Allow pqinsert to read from STDIN
Feature Proposal
The pqinsert command should accept products via STDIN in addition to disk files.
Motivation
With distributed and containerized application architectures, sharing a disk across multiple components can be more difficult. I am using the LDM Docker container as a microservice. I added httpexec to the image to allow remote execution of the LDM commands.
However, to execute pqinsert there needs to be a shared volume that client containers can write to and the LDM container can read from. Another approach is a wrapper script in the LDM container that receives a product from httpexec via STDIN, writes it to a local temporary file, and then calls pqinsert for that file. If pqinsert itself could read from STDIN, it could communicate directly with httpexec without the need for a shared Docker volume or intermediate local file.

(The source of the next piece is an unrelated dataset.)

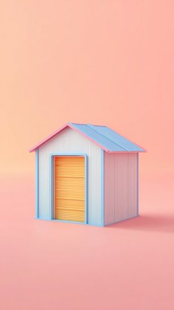 A minimalist illustration of a shed with a yellow door and blue roof, set against a pastel peach background.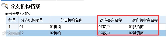 先对分支机构设置对应客户和对应供货商。例如:01机构对应01客户和01供货商;02机构对应02客户和02供货商。

For some applications, this feature would allow a product to be generated in memory and streamed to LDM without ever being written to disk until being inserted into the queue, which could increase overall performance dramatically.
Implementation
I forked this repo and created a proof of concept of this feature.
API
A filename argument of "-" is interpreted as STDIN instead of a disk path, and is read accordingly. This product will have a key value of "STDIN" unless the -p option is provided (which is recommended in this case). There are no other changes to the current API.
The current implementation allows only one product can be submitted via STDIN. If support for multiple files is essential, a suggestion is to have an option to enable input only from STDIN, and the filename arguments can instead be content lengths that are used to delimit multiple products. Knowing product lengths beforehand would also simplify the implementation, and this information should already be known by the caller.
Internals
STDIN is not guaranteed to act like a disk file, and thus mmap() cannot be used. Instead, the product is read into allocated memory. One limitation of this is that it does not offer the ability to handle large out-of-memory objects like mmap(). An alternative solution would be to stream STDIN to a temporary disk file, but this has a performance penalty.
I have only implemented this for the USE_MMAP code branch, as I could not get the other branch to compile.
Got it. We'll get back to you.